Cross-entropy measures the "cost" of using distribution $Q$ to encode samples from distribution $P$:

$$H(P, Q) = -\sum_x P(x) \log Q(x) = -E_P[\log Q(X)]$$

**In ML**: Cross-entropy loss measures how well predicted probabilities $Q$ match true labels $P$.

**F1 analogy**: Imagine you're a betting house using your model's race predictions (Q) to set odds, but the actual outcomes follow distribution P. Cross-entropy measures how much money you lose because your model doesn't perfectly match reality.
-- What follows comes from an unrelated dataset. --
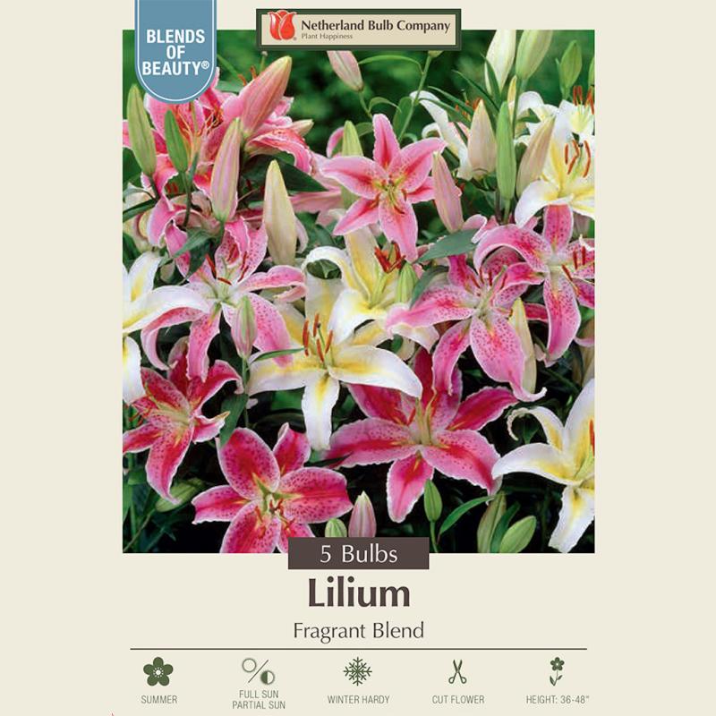 This fragrant lily blend combines a variety of richly scented lilies in soft pastels and bold jewel tones, filling the summer garden with color and perfume while producing excellent cut flowers.

The closer your predictions to truth, the lower the cross-entropy — and the less you lose.

In [None]:
def cross_entropy(p, q):
    """Compute cross-entropy H(P, Q)."""
    p = np.array(p)
    q = np.array(q)
    # Avoid log(0) by clipping
    q = np.clip(q, 1e-10, 1.0)
    return -np.sum(p * np.log2(q))

# Example: True race winner vs model predictions
# True outcome: Driver A won (class 0)
true_result = np.array([1, 0, 0])  # Driver A won

predictions = [
    ([0.9, 0.05, 0.05], "Model confident in Driver A (correct!)"),
    ([0.6, 0.2, 0.2], "Model leans toward A but unsure"),
    ([0.33, 0.33, 0.34], "Model has no idea (uniform)"),
    ([0.1, 0.45, 0.45], "Model confident in wrong driver"),
]

print("Cross-entropy loss for different race predictions:")
print(f"True result: Driver A wins (one-hot: {true_result})\n")
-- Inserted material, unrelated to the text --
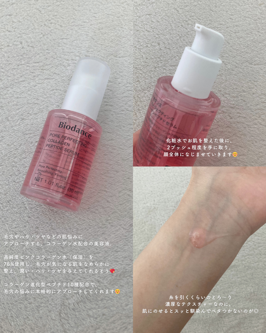 Biodanceポアパーフェクティングコラーゲンペプチドセラム\水で薄めない、高濃度の実力派美容液/高純度ピンクコラーゲン水78%配合毛穴が気になる肌をなめらかに整えうるおい・ハリ・ツヤを与えるてくれるそうテクスチャーは糸ひくような濃厚なとろ...

for q, desc in predictions:
    ce = cross_entropy(true_result, q)
    print(f"{desc}")
    print(f"  Prediction: {q}")
    print(f"  Cross-entropy: {ce:.4f} bits\n")

### KL Divergence

KL divergence measures how different distribution $Q$ is from $P$:

$$D_{KL}(P || Q) = \sum_x P(x) \log \frac{P(x)}{Q(x)} = H(P, Q) - H(P)$$

**Properties**:
- $D_{KL}(P || Q) \geq 0$ (always non-negative)
- $D_{KL}(P || Q) = 0$ if and only if $P = Q$
- Not symmetric: $D_{KL}(P || Q) \neq D_{KL}(Q || P)$

**In ML**: Used in VAEs, knowledge distillation, regularization

**F1 analogy**: KL divergence measures how different two performance distributions are. If P is a team's qualifying pace distribution and Q is their race pace distribution, KL(P||Q) quantifies the "qualifying-to-race translation gap." A team that's a qualifying specialist (fast in quali, slow in race) has high KL divergence between these distributions. A team whose race pace reliably mirrors qualifying has low KL divergence — they "translate" Saturday pace to Sunday.

In [None]:
def kl_divergence(p, q):
    """Compute KL divergence D_KL(P || Q)."""
    p = np.array(p)
    q = np.array(q)
    # Only sum where p > 0
    mask = p > 0
    q = np.clip(q, 1e-10, 1.0)
    return np.sum(p[mask] * np.log2(p[mask] / q[mask]))

# Compare qualifying pace vs race pace distributions
quali_dist = np.array([0.4, 0.3, 0.2, 0.1])  # Qualifying: tends to be at front
race_similar = np.array([0.35, 0.35, 0.2, 0.1])  # Race pace similar to quali
race_reversed = np.array([0.1, 0.2, 0.3, 0.4])  # Race pace: drops back (quali specialist)
race_uniform = np.array([0.25, 0.25, 0.25, 0.25])  # Race pace: anything can happen

print(f"Qualifying distribution = {quali_dist}")
print(f"\nKL divergences (how different is race pace from quali?):")
print(f"  Similar race pace    {race_similar}: {kl_divergence(quali_dist, race_similar):.4f} bits")
print(f"  Reversed (drops back) {race_reversed}: {kl_divergence(quali_dist, race_reversed):.4f} bits")
print(f"  Unpredictable race   {race_uniform}: {kl_divergence(quali_dist, race_uniform):.4f} bits")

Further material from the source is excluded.